Make Request and Get Soup Object¶

In [2]:
chocolate = requests.get("https://content.codecademy.com/courses/beautifulsoup/cacao/index.html")
soup = BeautifulSoup(chocolate.content, "html.parser")
In [3]:
# print(soup)

Extracting the Company and Chocolate Bar Rating¶

In [4]:
company_tags = soup.find_all(attrs={"class": "Company"})
companies = []
for company in company_tags[1:]:
    companies.append(company.get_text())

print(companies[:10])
['A. Morin', 'A. Morin', 'A. Morin', 'A. Morin', 'A. Morin', 'A. Morin', 'A. Morin', 'A. Morin', 'A. Morin', 'A. Morin']
In [5]:
rating_tags = soup.find_all(attrs={"class": "Rating"})
ratings = []
for rating in rating_tags[1:]:
    rate_text = rating.get_text()
    rate_score = float(rate_text)
    ratings.append(rate_score)

print(ratings[:10])
[3.75, 2.75, 3.0, 3.5, 3.5, 2.75, 3.5, 3.5, 3.75, 4.0]

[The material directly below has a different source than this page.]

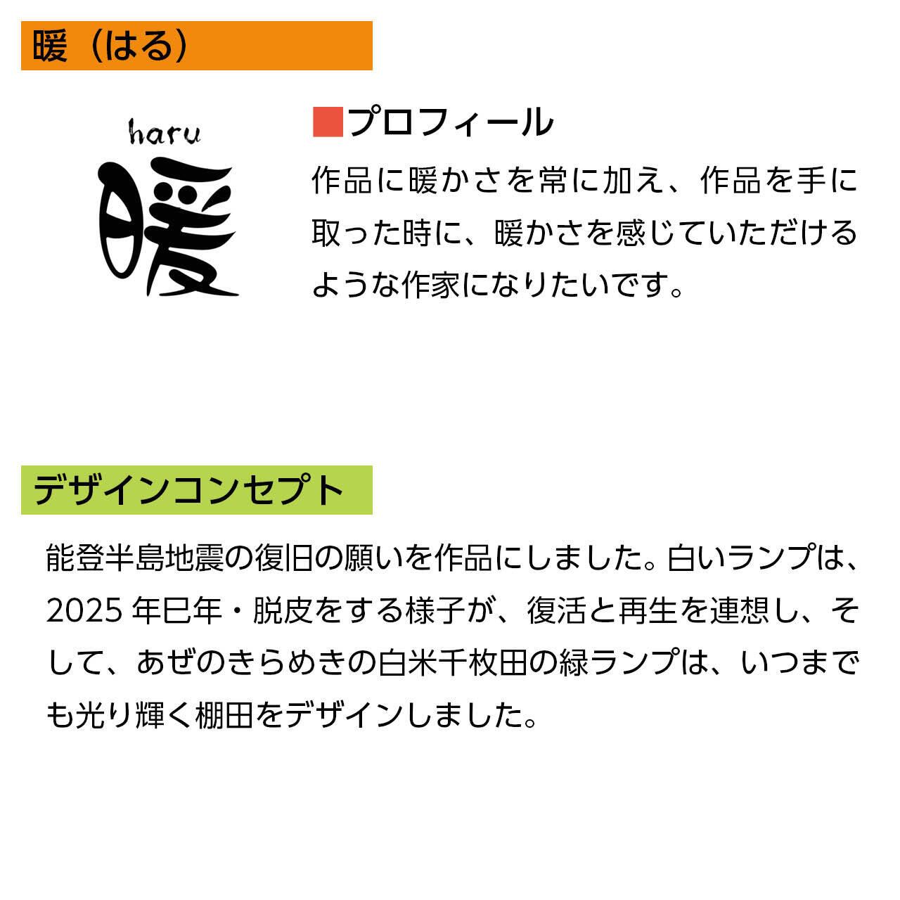 能登半島地震の復旧の願いを作品にしました。白いランプは、2025年巳年・脱皮をする様子が、復活と再生を連想し、そして、あぜのきらめきの白米千枚田の緑ランプは、いつまでも光り輝く棚田をデザインしました。

Create DataFrame With Company and Rating¶

In [6]:
df = pd.DataFrame({'Company': companies, 'Rating': ratings})

Average The Ratings, and Produce A Top 10 List¶

In [7]:
df = df.groupby("Company")["Rating"].mean().reset_index()
top_10 = df.nlargest(10, 'Rating')
top_10
Out[7]:
Company Rating
380 Tobago Estate (Pralus) 4.000000
183 Heirloom Cacao Preservation (Zokoko) 3.875000
287 Ocelot 3.875000
14 Amedei 3.846154
249 Matale 3.812500
304 Patric 3.791667
191 Idilio (Felchlin) 3.775000
2 Acalli 3.750000
82 Chocola'te 3.750000
96 Christopher Morel (Felchlin) 3.750000

Graph The Data¶

(but first reduce the company name down to a limit of 20 characters)

In [8]:
truncate_name = lambda x: x[:20] if len(x) > 20 else x
top_10['Company'] = top_10['Company'].apply(truncate_name)
In [9]:
plt.figure(figsize=(10, 6))
plt.bar(top_10['Company'], top_10['Rating'])
plt.xticks(rotation=45)
plt.ylabel('Mean Rating')
plt.title('Companies Producing the Most Highly Rated Chocolate')
plt.show()

Repeated Practice (with Bean Origin and Rating)¶

In [10]:
bean_tags = soup.find_all(attrs={"class": "BroadBeanOrigin"})
BeanOrigin = []
for bean in bean_tags[1:]:
    BeanOrigin.append(bean.get_text())

print(BeanOrigin[:10])
['Sao Tome', 'Togo', 'Togo', 'Togo', 'Peru', 'Venezuela', 'Cuba', 'Venezuela', 'Venezuela', 'Peru']
In [11]:
df1 = pd.DataFrame({'Bean Origin': BeanOrigin, 'Rating': ratings})
In [12]:
df1.head()
Out[12]:
Bean Origin Rating
0 Sao Tome 3.75
1 Togo 2.75
2 Togo 3.00
3 Togo 3.50
4 Peru 3.50
In [13]:
df1 = df1.groupby("Bean Origin")["Rating"].mean().reset_index()
In [14]:
top_10 = df1.nlargest(10, 'Rating')
In [15]:
plt.figure(figsize=(10, 6))
plt.bar(top_10['Bean Origin'], top_10['Rating'])
plt.xticks(rotation=45)
plt.ylabel('Mean Rating')
plt.title('Regions Producing the Most Highly Rated Chocolate')
plt.show()
In [ ]: